Стиснув зубы, я хватаю топор, вгоняю его в плаху.
— Гриша, чего бы ты сейчас хотел? — говорю я.
— Кучу денег, — быстро отвечает он, будто ждал моего вопроса.
Я откидываюсь вдруг на землю и хохочу.
— Чего ты? — косит глазом на меня Гриша.
Я смеюсь.
— Чудак! — Приоткрыв рот, он усмехается. — Мне очень много не надо, мне бы суточную выручку чайной номер девять, которая на углу Садовой.
Я закатываюсь хохотом.
— Суточную? — кричу я. — Ну и что б ты предпринял?
— Чудак! Давай сюда мешок с деньгами, и я покажу, что делать. — Он встаёт. — Слушай, моя вчера видела тебя у гостиного двора. Сказала, может познакомить с подружкой своей. Подружка, говорит, моложе её лет на пять. И красива, говорит.
— Как же она меня видела, когда на нас и не смотрела?
— Они, брат, не пялят глаза, а всё видят. Ну?
— Что ж, можно.
— Говорит, к тётке погостить приехала. Да брешет, думаю. Я им не верю. Они все брешут.
— Все? — Я смеюсь.
— Как одна. Идём в город?
— Идём. Пусть нам будет хуже. У тебя встреча сегодня?
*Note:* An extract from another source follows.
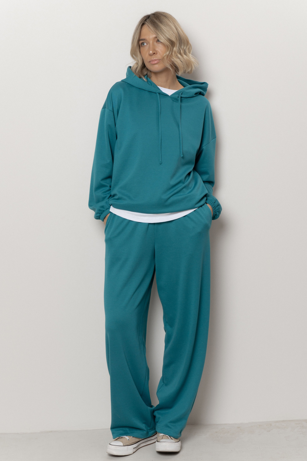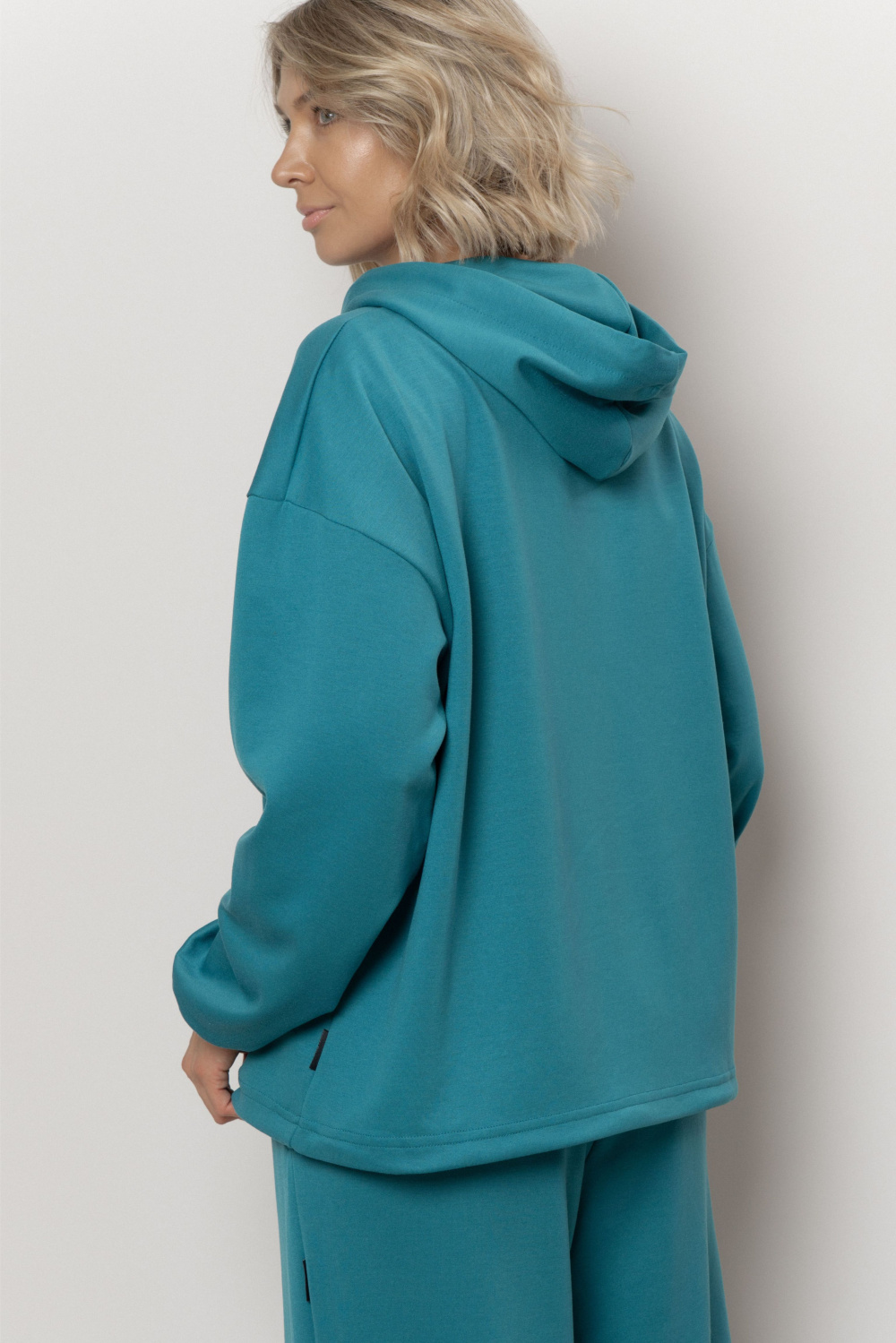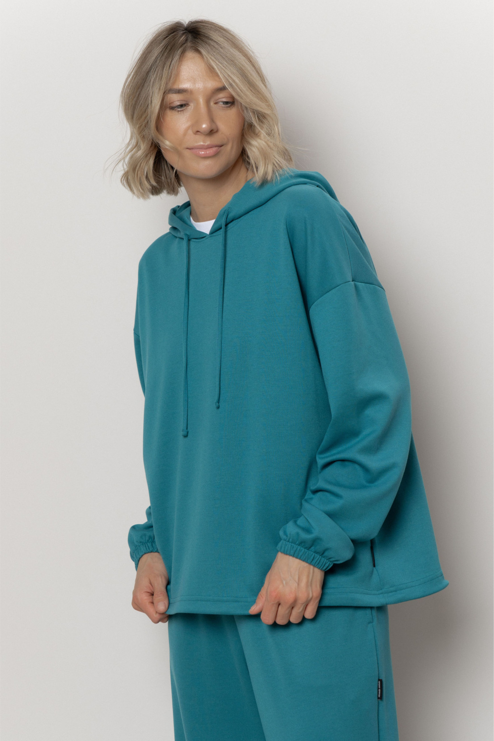 Худи свободного прилегания с капюшоном и спущенной линией плеча. Капюшон и низ изделия на шнурке, который регулирует посадку изделия. Рукава на манжете. Худи из нового полотна cupro, это не про дизайн, а про тактильные ощущения и нейтральную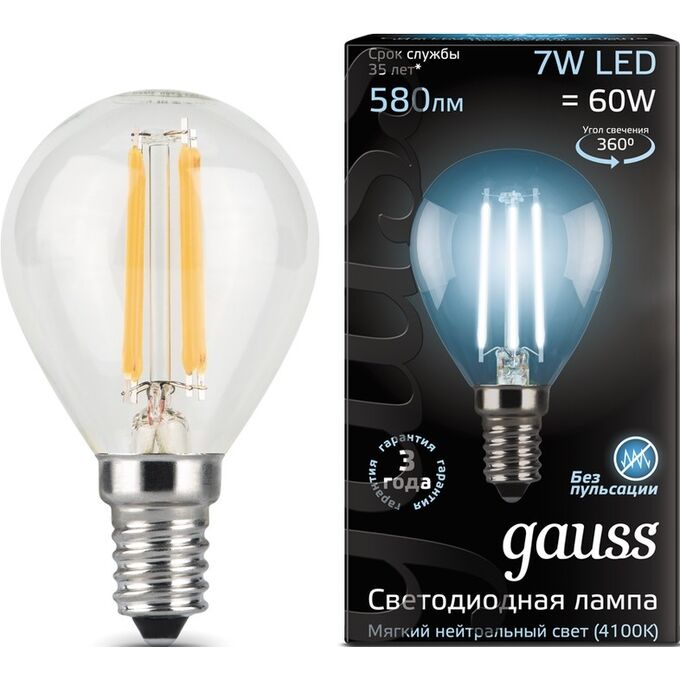 Лампа светодиодная Gauss 105801207 Filament Шар E14 7Вт 4100К

— Нет. Мы не уговаривались. Но, может, они выйдут в город.
Игривое настроение овладело мною. Представил, как сейчас познакомлюсь с красавицей. Буду шутить, болтать разный вздор. Когда же останемся с ней наедине, я прикинусь одиноким, разочарованным. Я на самом деле одинок. Да. Почему я ушёл с перевалочной? Ни одна бригада настоящих рабочих не пригласила меня работать. Я говорил себе, что не хочу, мол, напрашиваться. Что значит — напрашиваться? Можно было подойти к бригаде, скажем, Бойцова, спросить, не нужна ли им пара сильных рук. Пара сильных рук им нужна, но Бойцов сказал бы нет. Я чувствую такой ответ, ибо я не рабочий. И они б с усмешкой смотрели на меня. Попроси я у них помощи, они б взяли меня. Дали б возможность заработать. Но помощи я ни у кого не желаю просить.
Мы долго бродили с Гришей вдоль гостиного двора, у горсада. Прошлись к домику Римского-Корсакова; дом этот всё время на ремонте.
— Кажется, моя сегодня отдыхает, — говорит Гриша. А мне вдруг очень захотелось, чтоб она не отдыхала, а появилась со своей подругой. Но их нет, и мы тащимся домой.
В понедельник Драныкин совсем не появился у рабочего места. Я распиливаю плахи, колю чурбаки. Складываю дрова.
Катер притаскивает ещё баржу, гружённую плахами. На барже сидят старик и девочка лет семи, а катером управляет молодой парень в тельняшке, из-под которой выглядывает на груди, на руках татуировка. Он разворачивает свой катерок, прижимает им баржу к берегу.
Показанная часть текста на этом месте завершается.